In technical terms, QTM052 mmWave antenna modules support advanced beam forming, beam steering, and beam tracking technologies for improved range and reliability.

Millimeter wave technology is ideal for dense urban areas and crowded indoor environments, but broad 5G coverage requires the sub-6GHz spectrum bands, which is what Qualcomm's new QPM56xx RF module family addresses. This includes the new QPM5650, QPM5651, QDM5650, and QDM5652 modules.

Qualcomm says the first 5G millimeter wave antenna modules are being shipped out to customers this week, and the first crop of devices able to take advantage of 5G networks will be released late this year.


Mobile hotspots are likely to be the first accessories to include Qualcomm's technology, but the company says that we can expect Android smartphones with this 5G millimeter wave antenna during the first half of 2019. 5G devices require 5G networks, which carriers are working on.

T-Mobile is building out its 5G network with plans to roll it out to 30 cities this year, AT&T plans to deploy 5G to customers in a dozen cities in 2018, and Verizon plans to activate fixed 5G services in Sacramento in late 2018, with a mobile 5G service to launch approximately six months later.

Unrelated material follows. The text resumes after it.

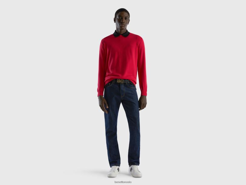 fuchsia Benetton menn genser med rund hals i 100 % bomull 20TRB1116
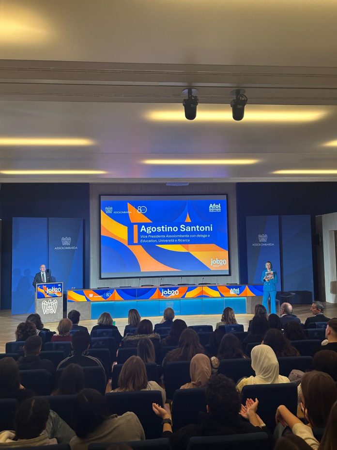 “Job20 si inserisce pienamente nella strategia di Assolombarda dedicata al capitale umano – ha detto Agostino Santoni, Vicepresidente di Assolombarda, con delega a Education, Università e Ricerca – riconosciuto come fattore decisivo di sviluppo economico e sociale. In un momento storico in cui l’automazione, la digitalizzazione e la transizione green stanno ridefinendo le professioni, la capacità di mettere in connessione formazione, impresa e innovazione è la chiave per mantenere il nostro territorio competitivo e inclusivo: un ponte che unisce aspirazioni e opportunità, idee e competenze, talenti e bisogni produttivi”. “Stiamo assistendo a un momento di grande trasformazione del lavoro. Siete voi giovani – ha detto il Vicepresidente Agostino Santoni rivolto ai numerosi studenti presenti – a dare forma all’impresa del futuro”.

As announced at Mobile World Congress, Qualcomm is partnering with more than 20 electronics manufacturers who will use its 5G technology, including Asus, Fujitsu, Nokia, HTC, LG, Oppo, ZTE, Xiaomi, OnePlus, Vivo, and more.

Apple is not a known Qualcomm partner and it is not clear if the two companies will work out their differences given the intense legal battle that is going on between the two. When asked whether Apple would potentially choose this technology for future iPhones, Qualcomm said it was not able to comment on that.

Little is known about Apple's 5G plans at the current time, but November rumors suggested Apple was "leaning heavily" towards using Intel's 5G modems in future iPhones, with Apple engineers already working with Intel on 5G technology.

That report, from Fast Company, suggested at the time that Apple's discussions with Qualcomm have been "limited." Other reports have suggested Apple is considering eliminating Qualcomm chips from future iPhones and iPads, and this year, it looks like Intel will be supplying the majority of chips needed for the 2018 iPhone lineup.